The numbers $6$, $3$, and $3$ are not arbitrary; they are the parameters of the code, and rank–nullity is the law relating them. A linear code is specified as an $[n,k]$ code: $k$ message symbols encoded into $n$ codeword symbols. The encoding map $E:\mathbb{R}^k\to\mathbb{R}^n$ is injective (so $\dim\ker E=0$ and $\dim\operatorname{im}E=k$), the code is a $k$-dimensional subspace of $\mathbb{R}^n$, and the parity-check map $H:\mathbb{R}^n\to\mathbb{R}^{n-k}$ has the code as its kernel, so $\dim\ker H = k$ forces $\operatorname{rank}H = n-k$. The number of parity checks is $n-k$, the redundancy of the code — and it is precisely the rank of the parity-check map, dictated by rank–nullity.

This makes the central engineering trade-off a linear-algebra identity. More redundancy ($n-k$ large) spreads codewords farther apart and corrects more errors, but wastes more channel capacity; less redundancy is efficient but fragile.
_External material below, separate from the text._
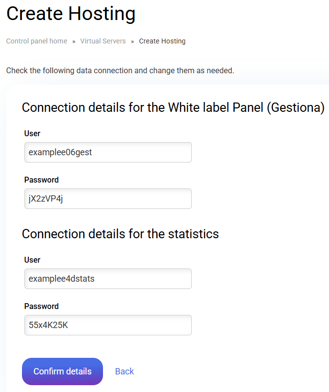 Connection data for the new hosting -The user and password of the various services will automatically be generated, modified by those you wish.

The dimension of the code, $k$, plus the redundancy, $n-k$, must equal the block length $n$ — there is no free lunch, and the "lunch" is literally accounted for by $\dim\ker H + \dim\operatorname{im}H = n$. Designing a good code is choosing a $k$-dimensional subspace of $\mathbb{R}^n$ (equivalently, a generator $G$ or a parity-check $H$) whose codewords are as far apart as possible for the redundancy spent — an optimization over subspaces, which is to say, over the images and kernels of linear maps.

The Chapter 35 dictionary, applied

Step back and read off how cleanly the abstract vocabulary maps onto the concrete technology:

Encoding = a linear map $E=G$ from message space to codeword space.
"Distinct messages stay distinct" = $E$ is injective = $\ker E=\{\mathbf{0}\}$ = $G$ has full column rank.
The set of valid codewords = the image of $E$ = the column space of $G$ = a $k$-dimensional subspace of $\mathbb{R}^n$.
Error detection = testing membership in the image = testing membership in the kernel of the parity-check map $H$, via the syndrome $H\mathbf{r}$.
Redundancy $n-k$ = the rank of $H$, fixed by rank–nullity $\dim\ker H+\operatorname{rank}H=n$.

Not one of these statements required an idea from outside this chapter. The encoding map is a linear transformation; its kernel and image are the null space and column space of Chapter 13; rank–nullity governs the trade-off between message size and protection. A computer scientist designing a code and a calculus student solving a differential equation (Case Study 1) are working the same structure — preimages, kernels, and images of linear maps — which is exactly the unifying claim the chapter set out to prove. The abstraction earns its keep: master linear maps once, and error-correcting codes, differential equations, and quantum observables are all the same subject seen from different windows.